From c64484bb87eab9834e825927fbf18e658a2a8d57 Mon Sep 17 00:00:00 2001
From: Chris Horn <chris.horn@hpe.com>
Date: Fri, 28 Oct 2022 16:27:17 -0600
Subject: [PATCH] LU-16451 kfilnd: Throttle traffic to down peers

If a transaction fails with -EHOSTUNREACH then this suggests the
target is actually down. We want to avoid consuming resources on the
local NIC by trying to send messages to down peers, so we will
require a hello handshake before injecting other new messages to a
peer we suspect is down.

Introduce a new kfilnd_peer state, KP_STATE_DOWN. Peers in either
KP_STATE_UPTODATE or KP_STATE_STALE can transition to KP_STATE_DOWN.
We'll transition a peer to KP_STATE_DOWN if we fail a transaction with
them and the errno we get is either -EHOSTUNREACH or -ENOTCONN.
kfilnd_peer_down() transitions a peer to KP_STATE_DOWN as appropriate.

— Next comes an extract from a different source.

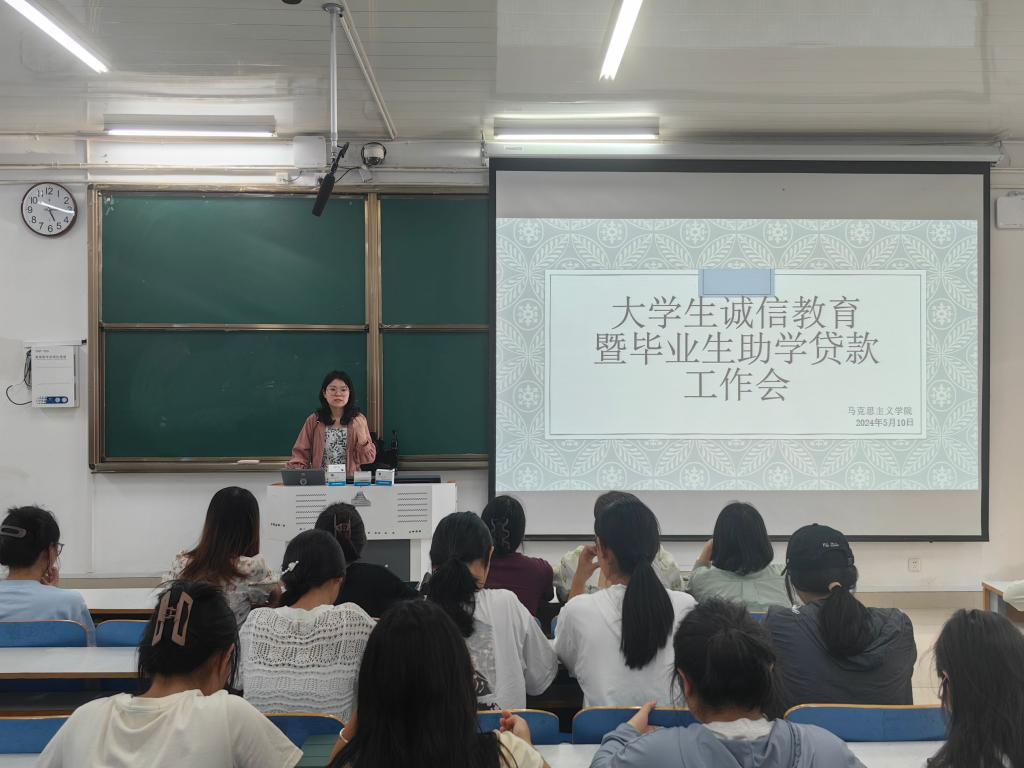为深入贯彻国家助学货款“资助育人”精神,落实为学生“办实事、办好事、解难事”,根据学校2024年度国家助学贷款学生毕业确认工作安排,5月10日下午,金年会jinnianhuicom在社科楼514教室召开了大学生诚信教育暨毕业生助学贷款工作会。马克思主义学院团委老师高小佳和2020级全体学生共同参加此次会议。会议由权益保障部负责人靳澍畅主持。

Similar to stale peers, if we continue to fail transactions with peers
that are down then we want to eventually purge them from the peer
cache. This logic in kfilnd_peer_stale() is moved to
kfilnd_peer_purge_old_peer(), and this new function is called by both
kfilnd_peer_stale() and kfilnd_peer_down().

Introduce kfilnd_peer_needs_throttle() that determines whether we
should queue a message for future replay pending a successful
handshake. Integrate this into kfilnd_tn_state_idle() so that we queue
messages for peers in KP_STATE_DOWN in addition to peers in
KP_STATE_NEW. Modify debug statements in this area to remove redundant
info and reflect that we can hit these conditions for down peers, not
just new peers.

Introduce kfilnd_peer_tn_failed() to interpret the errno for a
transaction failure and call kfilnd_peer_down() or kfilnd_peer_stale()
as appropriate. This function replaces all existing calls to
kfilnd_peer_stale(). kfilnd_peer_stale() is now a static function.

HPE-bug-id: LUS-11314
Test-Parameters: trivial
Signed-off-by: Chris Horn <chris.horn@hpe.com>
Change-Id: I206075c3a1b2836715dc79b49b098dab51c6bb94
Reviewed-on: https://review.whamcloud.com/c/fs/lustre-release/+/49591
Reviewed-by: Ron Gredvig <ron.gredvig@hpe.com>
Reviewed-by: Ian Ziemba <ian.ziemba@hpe.com>
Reviewed-by: Oleg Drokin <green@whamcloud.com>
Tested-by: jenkins <devops@whamcloud.com>
Tested-by: Maloo <maloo@whamcloud.com>
---
 lnet/klnds/kfilnd/kfilnd.h      |  9 +++++
 lnet/klnds/kfilnd/kfilnd_peer.c | 75 ++++++++++++++++++++++++++++++++++-------
 lnet/klnds/kfilnd/kfilnd_peer.h |  2 +-
 lnet/klnds/kfilnd/kfilnd_tn.c   | 35 +++++++++----------
 4 files changed, 88 insertions(+), 33 deletions(-)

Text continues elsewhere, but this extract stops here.